For a typical financing, is there a standard form of credit agreement used which is then negotiated and typically how material is the level of negotiation?
With the exception of low-volume transactions, the Loan Market Association (LMA) standard is frequently used, mostly in downscaled form. Usually, the negotiations focus mostly on the financial terms, while the legal terms are not negotiated in their entirety. In general, only certain legal provisions are materially negotiated (please see question 20 below).
There is no publicly available standard form of acquisition financing governed by Japanese law. However, the model contracts for syndicated loans published by the Japan Syndication and Loan-trading Association are widely referred to in the drafting of acquisition financing documents.

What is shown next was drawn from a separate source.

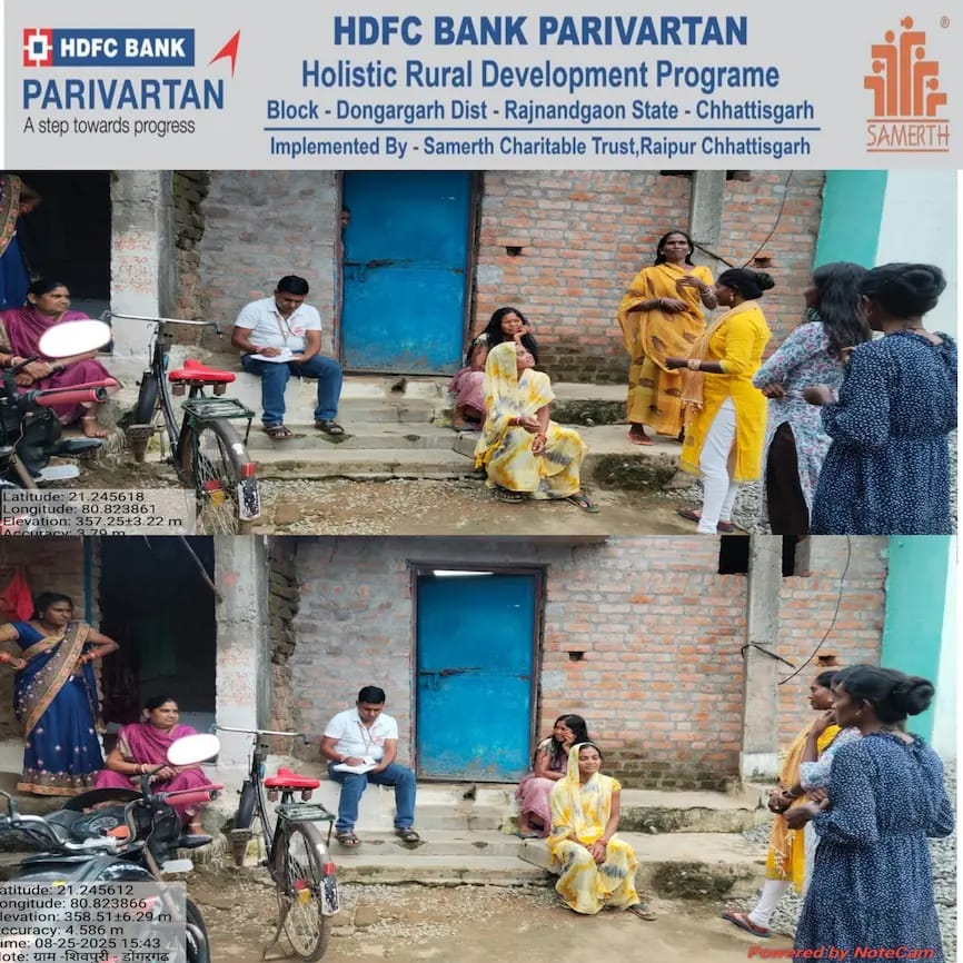 Samachar Chhattisgarh Korba.जिला राजनांदगांव के डोंगरगढ ब्लॉक में — HDFC बैंक के HRDP (होलिस्टिक रूरल डेवेलपमेंट प्रोग्राम) ‘परिवर्तन’ प्रोजेक्ट के सहयोग से समर्थ चैरिटेबल ट्रस्ट द्वारा डोंगरगढ़ ब्लॉक की 15 ग्राम पंचायतों में समग्र ग्रामीण विकास की दिशा में अगले 3 वर्षो के लिए महत्वपूर्ण पहल की जा रही है। इन ग्राम पंचायतों में खुर्सीपार, बिलहारी, साहसपुर, पुरैना, कलकसा, अछोली, बेलगांव, विजनापुर, शिवनीकला, मूरमुदा, भोथली, रीवागहन, देवकट्टा, मनकी और शिवपुरी शामिल हैं।

The provisions in financing documents specific to acquisition financing are drafted on a deal by deal basis, including with respect to representations and warranties, covenants, conditions precedent, and events of default, as well as the collateral package. Major banks that are familiar with acquisition financing tend to have and use their own forms of financing documents. When both the lender and the borrower are represented by experienced counsel, negotiations between the lender and the borrower tend to focus on deal-specific issues and the completion of the financing documents could be done efficiently and relatively quickly.
There is no specific form of credit agreement which is used although lines of credit and term loans are often used. Each financing is negotiated individually on the basis of the commercial terms agreed between the parties.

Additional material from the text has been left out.